Подлинная оригинальность как художника, так и художественного произведения заключается в том, что они одушевлены разумностью истинного в самом себе содержания. Только в том случае, когда художник полностью усвоил себе этот объективный разум и не нарушает его чистоты чуждыми особенностями, взятыми извне или изнутри, — только в этом случае в воплощенном им предмете он воспроизводит также и себя самого в своей истинной субъективности, стремящейся быть лишь живым средоточием завершенного в самом себе художественного произведения.

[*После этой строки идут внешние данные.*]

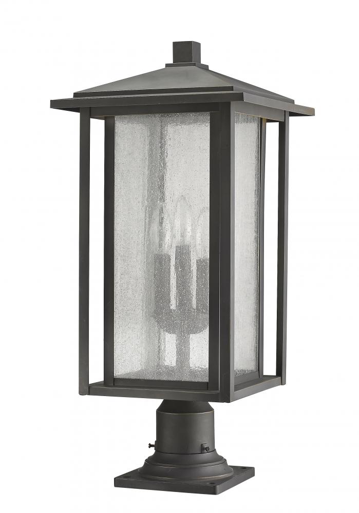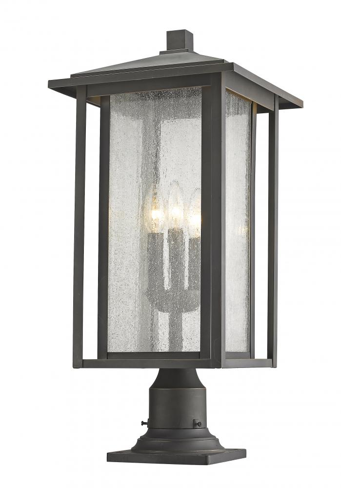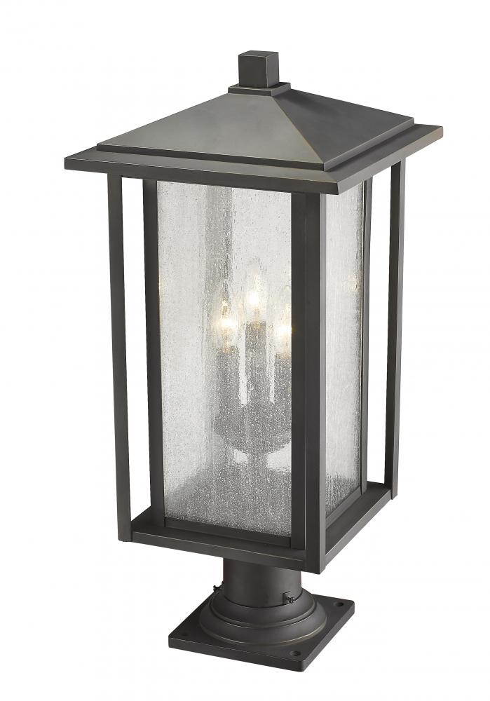Enjoy a lush oil rubbed bronze finish that adds a warm update to the craftsman look of this three-light outdoor pier mounted fixture. Light up an exterior space in style with a durable aluminium dual frame that houses a romantic, texture-inspired seedy glass shade and a candelabra style bulb base.

Ибо во всяком истинном мышлении, творчестве и созидании подлинная свобода предоставляет господство субстанциальному началу как силе, которая является вместе с тем собственной силой самого субъективного мышления и воли, так чтобы в завершенном примирении субъективной свободы и субстанциального начала не было никакого разлада между ними.
Таким образом, хотя оригинальность в искусстве поглощает всякую случайную особенность, она делает это лишь для того, чтобы художник мог всецело следовать импульсу и полету своего гения, своего вдохновения, проникнутого исключительно изображаемым предметом, и чтобы вместо каприза и пустого произвола он мог воплотить свою истинную самобытность в предмете, созданном им согласно истине. Не иметь никакой манеры — вот в чем состояла во все времена единственно великая манера, и лишь в этом смысле мы можем назвать оригинальными Гомера, Софокла, Рафаэля, Шекспира.